Беседовала Алена Бондарева

Фотография: из архива А. Ремез

Писатель и переводчик Анна Ремез рассказала Rara Avis о русской и западной традиции издания книжек-картинок.

— Аня, вы преподаёте английский язык. А когда и почему взялись за художественный перевод?

— Получилось всё, с одной стороны, случайно, а с другой — закономерно. В юности я хотела стать переводчиком. Окончила курсы переводчиков деловых переговоров, читала учебники по переводу, пробовала переводить фильмы, иногда были небольшие заказы, но потом я ушла в другую сферу. Прошло много лет, я была уже автором нескольких детских книг, работала в школе, также написала на английском магистерскую диссертацию по книжкам-картинкам, и вот издательство «Поляндрия» дало мне редактировать книжку Дороти Эдвардс «Моя озорная сестрёнка». А на вторую книгу я предложила себя в качестве переводчика, и редактор Анна Шилина согласилась. Так началось наше сотрудничество.

— А какой теме была посвящена ваша магистерская диссертация?

— Я училась в РГПУ имени Герцена на русско-финской программе «Раннее обучение иностранным языкам» — дошкольников и младших школьников. Тема работы: «Использование аутентичных книжек-картинок в обучении лексике». То есть неадаптированных книжек, которые выпускаются не для обучения, а для чтения носителями языка. Для детей такая «настоящая» книжка — это что-то удивительное и необычное. Зарубежной педагогикой тема вполне проработана, есть пособие с планами уроков, в котором фигурируют хорошо известные у нас книжки Эрика Карла, например. Педагог из Португалии Sandie Mourao приезжала в Россию с семинаром для учителей по книжкам-картинкам. Идея в том, чтобы, проходя с детьми тему «цвета» или «дни недели», строить уроки на основе «Очень голодной гусеницы», к примеру. На каждую тему наших школьных программ найдутся такие варианты. Соответственно, я собирала и обобщала всё, что написано по поводу книжек-картинок в обучении и придумывала свои планы уроков по одной книжке. К российской действительности это можно применить под грифом «внеурочная деятельность», с третьего класса.

— Скажите честно, с какими трудностями сталкивается переводчик книжек-картинок?

— Казалось бы, тут не должно быть трудностей, ведь текста мало. Однако, они есть.

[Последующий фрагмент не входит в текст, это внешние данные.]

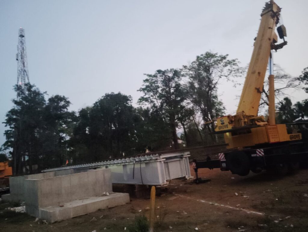 वैभववाडी (प्रतिनिधी) : कोकिसरे रेल्वे भुयारी पुलाचे काम अंतिम टप्प्यात आले असून गुरुवारी रात्री ११. ३० ते शुक्रवारी पहाटे ३. ३० या दरम्यान चार तासाचा कोकण रेल्वे मार्गावर मेघा ब्लॉक घेऊन तात्पुरत्या स्वरूपात लोखंडी पिलर व रूळ असलेला ब्रिज तयार करण्यात येणार आहे. यासाठी मोठी यंत्र सामुग्री तैनात करण्यात आली असून युद्ध पातळीवर काम करण्यात येत आहे. तर २ मे ला हा भुयारी पूल पूर्ण तयार होणार आहे. या भुयारी पुलामुळे तरेळे कोल्हापूर राष्ट्रीय महामार्गांवरील वाहतूकीचा मोठा अडथळा दूर होणार आहे.

Во-первых, английское предложение часто на странице занимает больше места, оно длиннее, по-русски то же самое можно сказать двумя словами. Но в книжке-картинке симбиоз текста с иллюстрацией, потому это соотношение объёма важно, и бывает сложно «растянуть» фразу под картинку. Во-вторых, англоязычные авторы очень любят выделять курсивом слова с юмористической окраской, а у нас эта манера из литературы ушла, она непонятна маленьким детям, поэтому нужно передавать юмор только языковыми средствами. В-третьих, есть трудности с переводом звукоподражаний. В книге Криса Хоутона «Всем спокойной ночи» звери спят, издавая звук «Z-z-z». Ну вот как передать это по-русски? Не «хр-р-р» же. Долго голову ломала над этим. А бывает, что совершенно невозможно сохранить рифмованные строчки, включённые в текст, по-русски прозаический вариант звучит лучше. Сложно также переводить «говорящие» имена, но это и самое интересное. А ещё бывает имя вообще не звучит по-русски, нужно придумать новое. Иногда не понятно, кто персонаж — он или она, например, если это «babybear» (медвежонок).

Мерфи Д. Папа слон за главного. / Пер. с англ. А. Ремез, — СПб.: Поляндрия, 2017. — 32 с.

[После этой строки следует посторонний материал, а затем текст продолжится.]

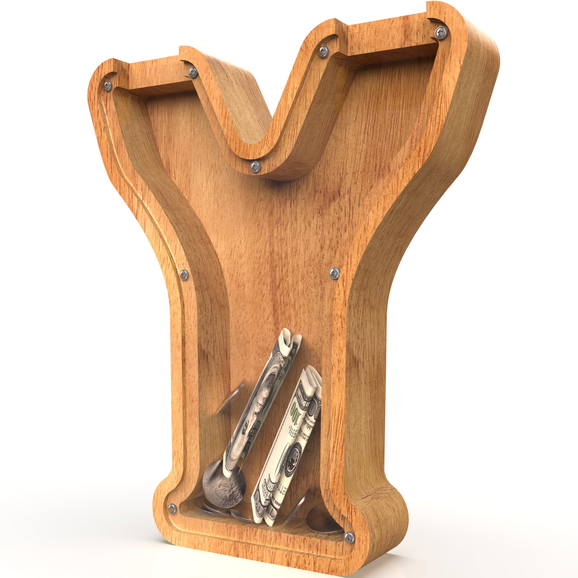 Piggy Bank For Kids Boys Girls, Large Personalized Wooden Letter Piggy Bank With Cut-Out Design, Alphabet Letter Coin Banks, Money Savings Box, Wooden Bank For Kids Creative Gift For Real-Money(Y)

— Кого понравилось переводить и почему?

— Мне очень понравилось переводить книги Джилл Мёрфи про многодетную семейку слонов. Это целая серия про вечно замотанную маму, её мужа и детей, вышли уже две книги — «Пять минут покоя» и «Папа слон за главного». Кстати, в оригинале их фамилия — Large («большой»). У меня — папа Слон и мама Слон, причём без склонения, как фамилия. Понравилось потому, что там много текста, это полноценная история, хорошие диалоги, а именно их я люблю переводить больше всего. Дарю эти книги многодетным мамам, и они говорят, что узнают в героях себя и свою семью. А ещё отличная книга Джен Ормерод «Обмен», где сестрёнка пробует поменять младшего братика на какого-нибудь другого, но в итоге понимает, что он — самый родной и самый лучший. Такая актуализация детской ревности через смешные ситуации и диалоги.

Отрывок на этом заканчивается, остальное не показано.